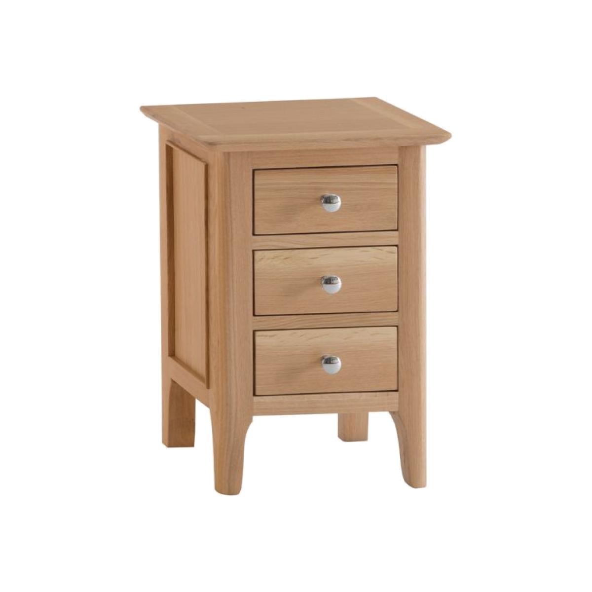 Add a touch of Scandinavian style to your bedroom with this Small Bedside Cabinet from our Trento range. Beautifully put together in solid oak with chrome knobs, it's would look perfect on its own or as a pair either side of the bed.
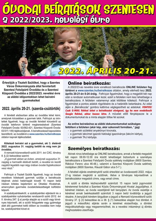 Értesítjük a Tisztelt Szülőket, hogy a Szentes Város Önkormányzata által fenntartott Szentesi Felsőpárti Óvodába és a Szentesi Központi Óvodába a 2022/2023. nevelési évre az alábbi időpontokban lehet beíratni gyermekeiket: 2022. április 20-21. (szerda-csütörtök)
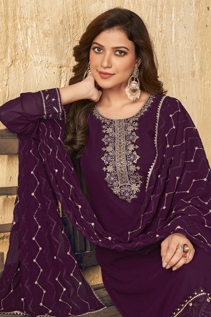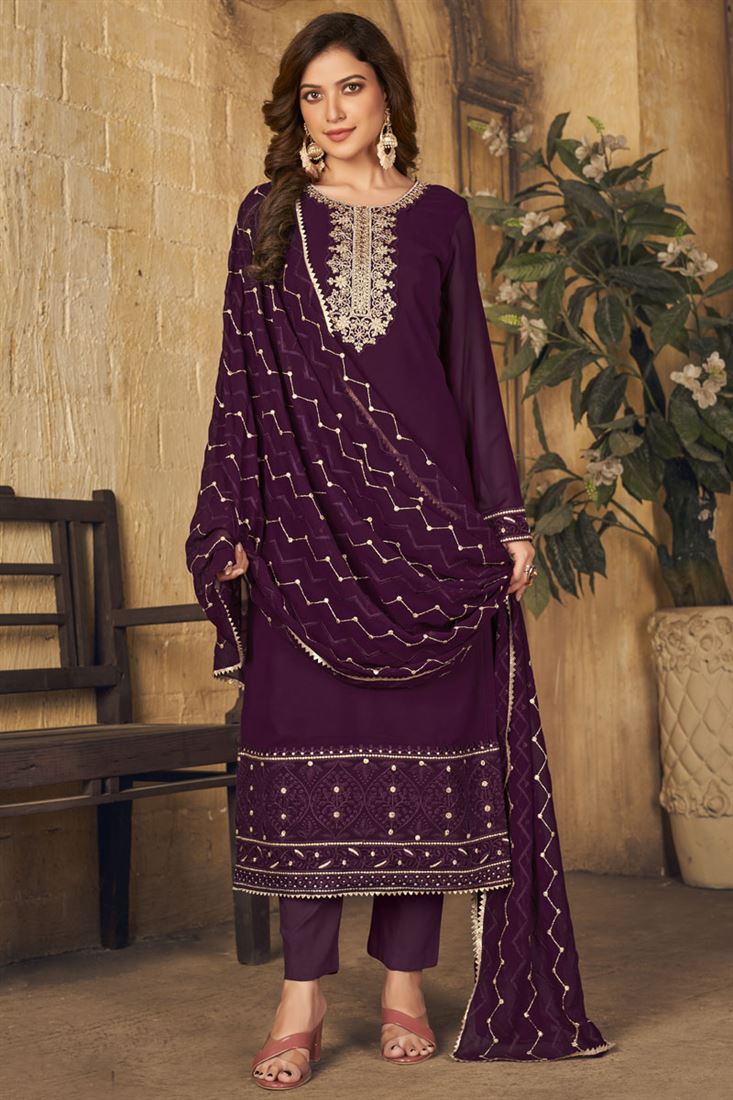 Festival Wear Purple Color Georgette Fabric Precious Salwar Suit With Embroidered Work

────────────────────────────────────────

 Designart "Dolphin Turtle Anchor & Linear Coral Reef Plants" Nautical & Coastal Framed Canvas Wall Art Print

────────────────────────────────────────

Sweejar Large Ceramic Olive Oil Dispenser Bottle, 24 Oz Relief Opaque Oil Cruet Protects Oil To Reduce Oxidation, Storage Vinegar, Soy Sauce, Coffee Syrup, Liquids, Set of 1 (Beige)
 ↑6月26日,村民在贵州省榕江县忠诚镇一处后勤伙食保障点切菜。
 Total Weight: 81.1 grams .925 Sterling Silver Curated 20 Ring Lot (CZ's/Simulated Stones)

────────────────────────────────────────

The lines above starting at the one that contains "Sweejar Large Ceramic" and ending at the one that contains "Total Weight: 81.1" must be transcribed exactly, and no other lines may appear.

**RESULT OF THIS TASK:**
Sweejar Large Ceramic Olive Oil Dispenser Bottle, 24 Oz Relief Opaque Oil Cruet Protects Oil To Reduce Oxidation, Storage Vinegar, Soy Sauce, Coffee Syrup, Liquids, Set of 1 (Beige)
 ↑6月26日,村民在贵州省榕江县忠诚镇一处后勤伙食保障点切菜。
 Total Weight: 81.1 grams .925 Sterling Silver Curated 20 Ring Lot (CZ's/Simulated Stones)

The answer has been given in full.